I have created 4 different upset plots using the ComplexUpset package in R. The 4 plots have different intersection sizes since the length of the data frames range from 300 to 12000. Since, I want to compare these 4 plots, I was hoping to have a same y-axis scale for ease of clarity and discussion. I want to normalize the intersection_size data from 0 to 1.

After reading the Upset and ComplexUpset documentations, I see that the intersections are internally calculated and cannot really be extracted.

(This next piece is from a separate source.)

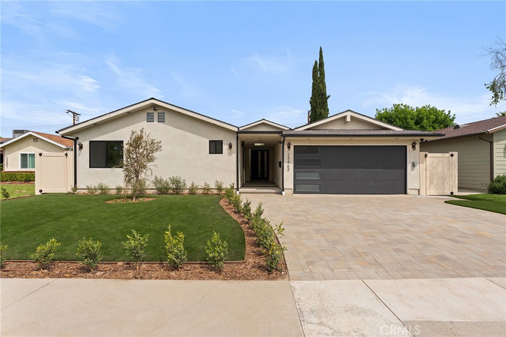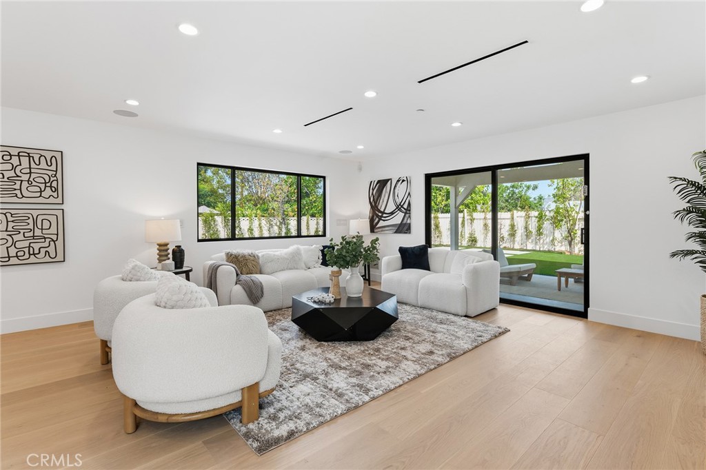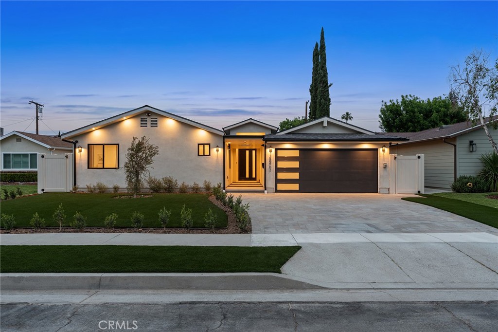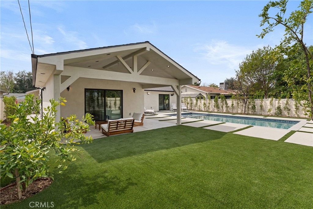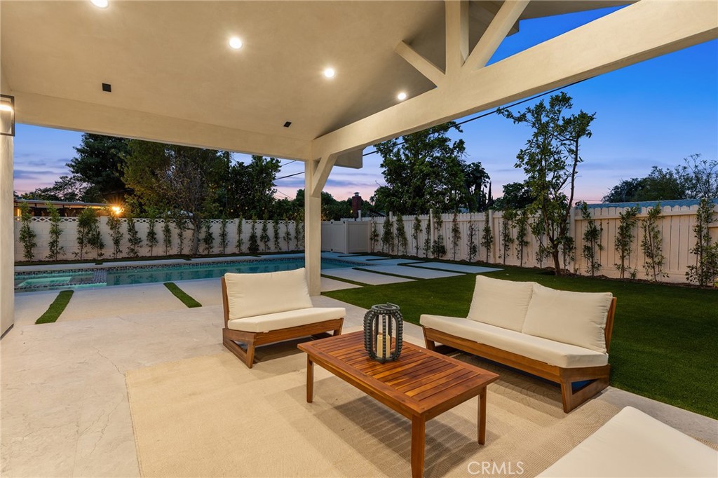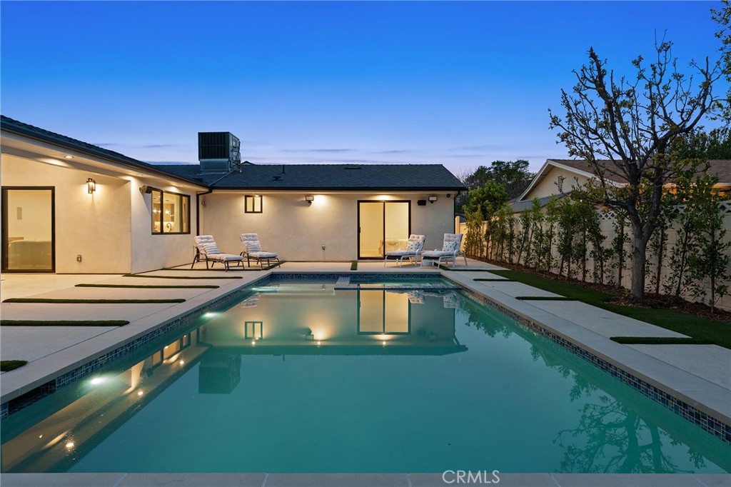 Gorgeous completely reimagined single story smart home desirably located adjacent to Walnut Acres. The expanded property truly feels like new construction as it was completely remodeled to the studs and boasts newly built pool, spa, and 220 SF covered patio. The front yard features large grass lawn, paver stone driveway that leads to the 2-car attached garage, and long covered front porch for added privacy. Step inside to find a completely open floor plan drenched in natural light featuring wide plank oak wood flooring throughout. The stunning kitchen features center island with second prep sink and breakfast bar seating, custom soft close cabinetry, Taj Mahal quartz waterfall counters, pantry space, and stainless smart appliances including double ovens and 5-burner stove with pot filler. The kitchen opens directly to both the dining area and spacious living room with built-in surround sound system and glass slider that opens to the yard. A guest powder bathroom is conveniently located off the entry near the living spaces. The primary suite is positioned perfectly to overlook the backyard and features large walk-in closet with custom built-ins and luxurious en-suite bathroom with dual sinks, designer tiling, and walk-in shower. There are three additional well appointed bedrooms, each with mirrored closets with custom organizers. One secondary bedroom has en-suite bathroom with walk-in shower. A large hall bathroom with tub and shower services the other two secondary bedrooms. There is direct access to the finished 2-car garage with epoxy flooring, recessed lighting, and built-in storage cabinets. The entertainer’s backyard is highlighted by a newly built heated pool & spa with wraparound lounge decking, 220 SF covered patio great for outdoor dining, synthetic lawn for play, and newly planted ficus plants + several fruit trees. Additional upgrades per seller: all new HVAC/linear venting, new 200 AMP electrical panel, new roof, new tankless water heater, all new plumbing, new Milgard windows, new exterior drainage, fire sprinklers, and smart home tech including camera system, alarm system, built-in Wi-Fi extenders, and Ring. Adjacent to Westfield Mall/Village, Calabasas Commons, Warner Center with the new Rams Village in development, local parks/hiking trails, & zoned for award-winning El Camino & Hale charter schools.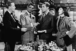 While producing Only Angels Have Wings (1939), Howard Hawks tried to pitch a remake of The Front Page to Harry Cohn of Columbia Pictures. Cary Grant was almost immediately cast in the film, but Cohn initially intended Grant to play the reporter, with radio commentator Walter Winchell as the editor.[5] Hawks' production that became His Girl Friday was originally intended to be a straightforward adaptation of The Front Page, with both the editor and reporter being male.[b] During auditions, Howard Hawks' secretary, a woman, read reporter Hildy Johnson's lines. Hawks liked the way the dialogue sounded coming from a woman, resulting in the script being rewritten to make Hildy female and the ex-wife of editor Walter Burns played by Cary Grant.[7] Cohn purchased the rights for The Front Page in January 1939.[8]

I see that you still manipulate the intersections like:

'Intersection size'=intersection_size(text_mapping=aes(label=paste0(round(
            !!get_size_mode('exclusive_intersection')/!!get_size_mode('inclusive_union') * 100
        ), '%')))

but I couldn't do a normalization like

'Intersection size'=intersection_size(text_mapping=aes(label=paste0(round(
            !!get_size_mode('exclusive_intersection')/max(!!get_size_mode('inclusive_union')))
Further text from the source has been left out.